Patients with prior exposure to hepatitis B (i.e. positive anti-hepatitis B CORE
antibody) must demonstrate hepatitis B polymerase chain reaction (PCR) to be negative
during screening period and undergo prophylaxis and monitoring for hepatitis B
according to institutional guidelines. Known hepatitis C infection is allowed as long
as there is no active disease and is cleared by gastrointestinal (GI) consultation
- Clinically significant cardiovascular diseases as determined after cardiology
consultation, including uncontrolled or symptomatic arrhythmias, congestive heart
failure or myocardial infarction within 6 months of screening or any class 3
(moderate) or 4 (severe) cardiac disease following the New York Heart Association
classification, known left ventricular ejection fraction (LVEF) < 40%, history of
familial long QT syndrome, Symptomatic atrial or ventricular arrhythmias not
controlled by medications. Otherwise, significant screening electrocardiogram (ECG)

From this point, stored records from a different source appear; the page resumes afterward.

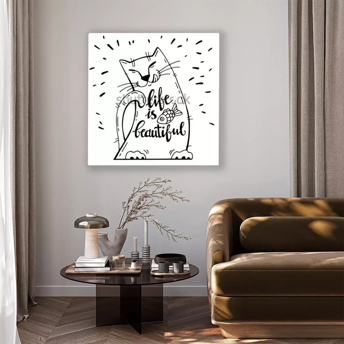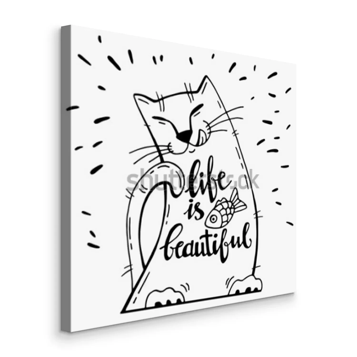 Tableau  Illustration vectorielle Carte positive avec chat de dessin animé avec du poisson. Mots de calligraphie La vie est belle. S'amuser. Peut être imprimé sur des t-shirts, des sacs, des affiches, des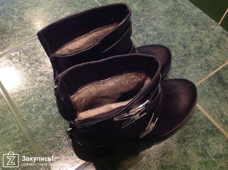 Ботинки очень понравились, выглядят стильно и удобные. Мех внутри неплохой, думаю, должны быть теплые. Заказывала 37 размер на стопу 23,5 см. Взяла с запасом, чтобы положить дополнительно стельку еще. Каблук удобный, подошва вроде не скользкая.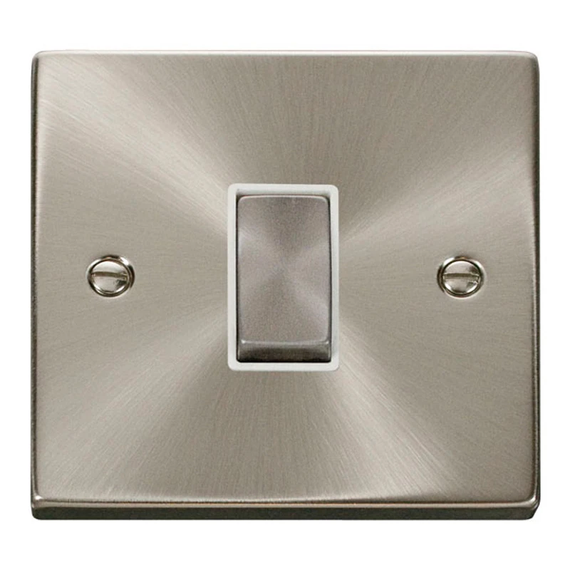 Plate Switch 1 Gang 2 Way White Insert Victorian 10A Satin Chrome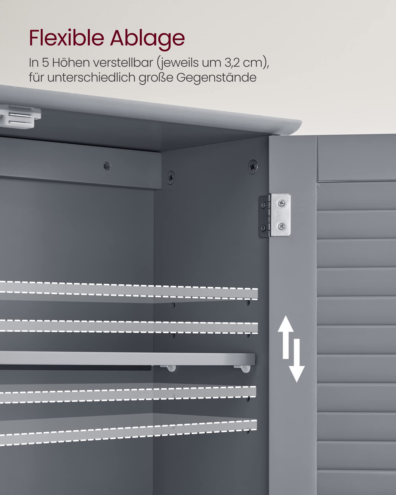 - Every room should have a cabinet like this: It has a double door and 2 chrome-plated metal knobs and is made from robust MDF panels (E1 class). This elegant cabinet fits perfectly in your bathroom, living room, hallway or other rooms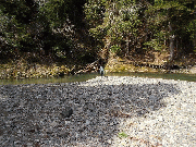 集中放流区は、例年とは水位が高かったためかあまごがある程度ちらばっています。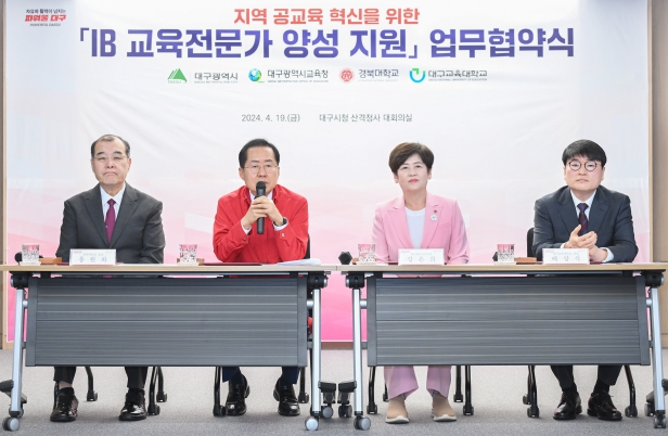 [뉴스서치] 대구광역시는 4월 19일 오전 11시 대구시청 산격청사에서 대구시교육청, 경북대학교, 대구교육대학교와 ‘IB(국제 바칼로레아)교육전문가 양성 지원’을 위한 업무협약을 체결했다.

abnormalities and/or pacemaker may be allowed after discussion with the PI and the
cardiologist clearance
- Malabsorption syndrome, disease significantly affecting gastrointestinal function, or
resection of the stomach or small bowel or ulcerative colitis, symptomatic
inflammatory bowel disease, or partial or complete bowel obstruction. Clinically
significant active malabsorption syndrome or other condition likely to affect
gastrointestinal (GI) absorption of venetoclax
- With known allergies to xanthine oxidase inhibitors and/or rasburicase
- Other severe acute or chronic medical or psychiatric condition or laboratory
abnormality that, in the opinion of the investigator, may increase the risk associated
with study participation or study treatment administration or may interfere with the
interpretation of study results and/or would make the patient inappropriate for
enrollment into this study
- No concomitant anticancer therapies, immunotherapies, cellular, or radiotherapy. No
major surgery within 3 weeks prior to first dose of study treatment. Washout period
for chemotherapy is 14 days. Washout period for targeted agents is 2 weeks or 5
half-lives (t1/2) (whichever is shorter). Washout period for antibody-based
immunotherapies or cellular therapies is 4 weeks. Washout period for radiotherapy is 7
days (limited field) and 28 days (extended field that includes BM). Washout period
must be completed prior to any treatment administration
- Uncontrolled autoimmune hemolytic anemia (AIHA) or immune thrombocytopenia
- Consumption of grapefruit, grapefruit products, Seville oranges, or star fruit within
7 days of starting study treatment
- Concomitant steroids for disease related pain control are allowed at any dose but must
be discontinued prior to any study treatment initiation. Chronic use of
corticosteroids is allowed up to 20 mg prednisone daily for non-cancer related
conditions at the time of study start
- History of allogeneic or autologous stem cell transplant (SCT) or CAR-T therapy within
the last 30 days or with any of the following:
- Active uncontrolled graft versus host disease (GVHD)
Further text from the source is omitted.